Donald Leahong
- Full name: Donald Arthur Leahong
- Country (sports): Jamaica
- Born: 7 December 1912 Kingston, Jamaica
- Died: 15 February 2007 (aged 94) Miami, Florida, U.S.
- Plays: Right-handed

Singles
- Career titles: 11

Grand Slam singles results
- French Open: 2R (1930)
- Wimbledon: 1R (1930)

Medal record
Central American and Caribbean Games
| Gold medal – first place | 1938 Panama City | Men's singles |

= Donald Leahong =

Jamaican tennis player

Donald Arthur Leahong (7 December 1912 — 15 February 2007) was a Jamaican tennis player.
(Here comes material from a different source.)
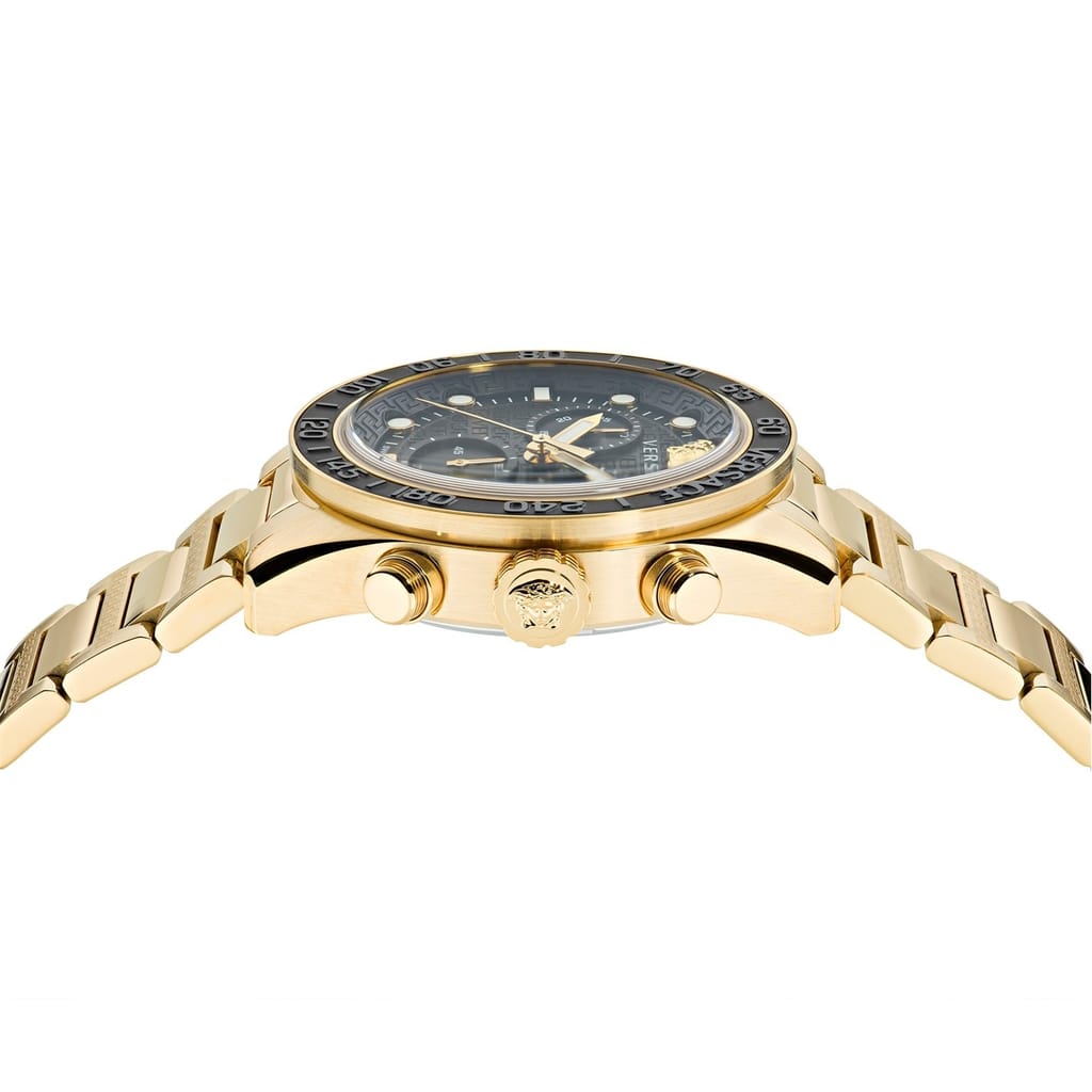 Versace Greca Dome - Chrono VE6K00523 is an amazing and very impressive Gents watch. Case material is Stainless Steel while the dial colour is Black. This model has got 50 metres water resistancy - it can be submerged in water for periods, so can be used for swimming and fishing. It is not recommended for high impact water sports. We ship it with an original box and a guarantee from the manufacturer -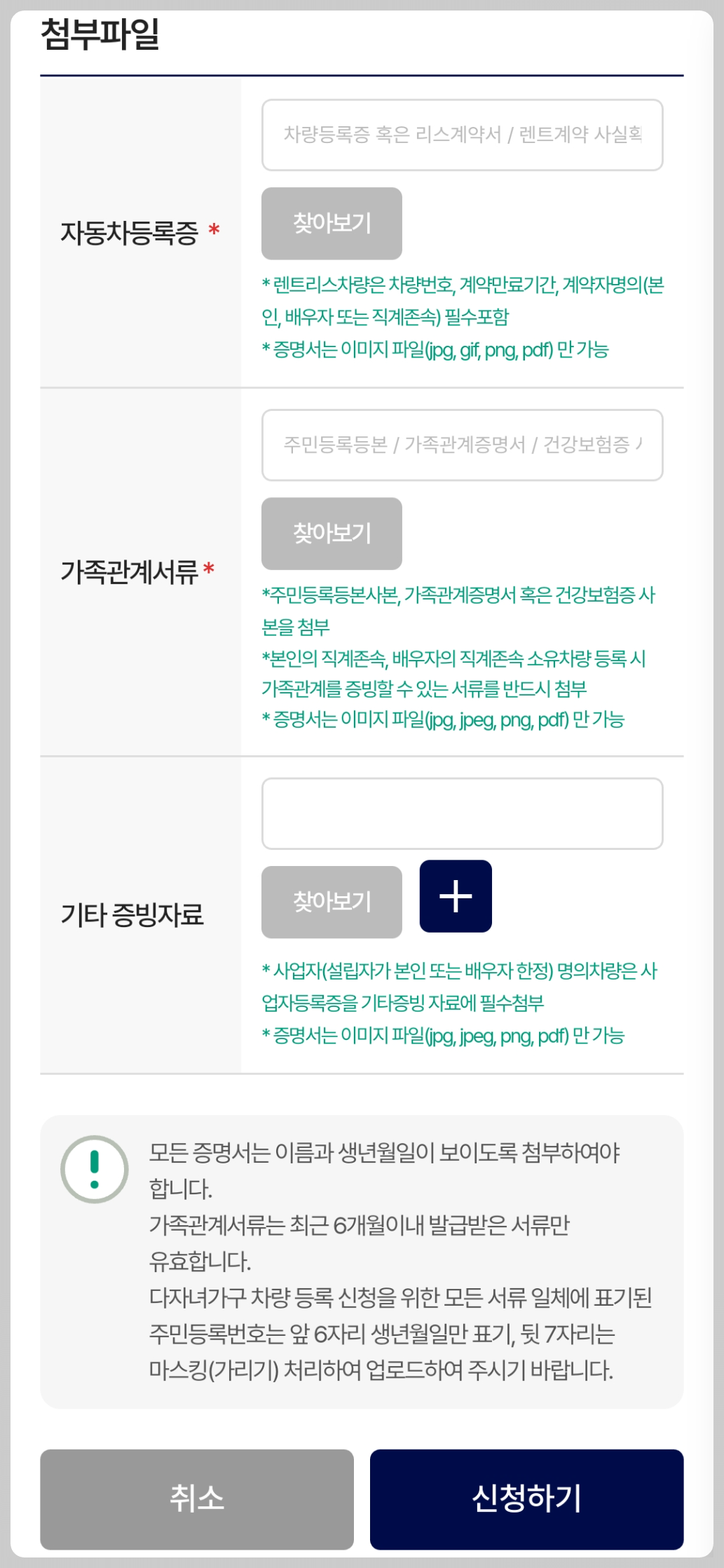 준비해 두신 첨부파일을 찾아보기 버튼을 눌러서 하나씩 첨부해 주시고

He won the singles gold medal at the 1938 Central American and Caribbean Games.

==Career==
Leahong, born in Kingston and of Chinese descent, was a product of Wolmer's Boys' School, where he played Manning Cup soccer. In the 1930s he was the leading tennis player on the island, winning seven All-Jamaica Championships singles titles. During a 1930 tour of England he won the East Grinstead Open, the Essex Championships and was beaten by Harry Hopman in the first round of the Wimbledon Championships. In 1934 he made the singles quarter-finals and doubles final of the Canadian Championships. In 1937 he won the Jamaican International Championships. In 1938 he won the Central American Championships held at Panama City. He was also the men's singles gold medalist at the 1938 Central American and Caribbean Games.

Post-tennis, Leahong became a solicitor and retired to Miami, Florida.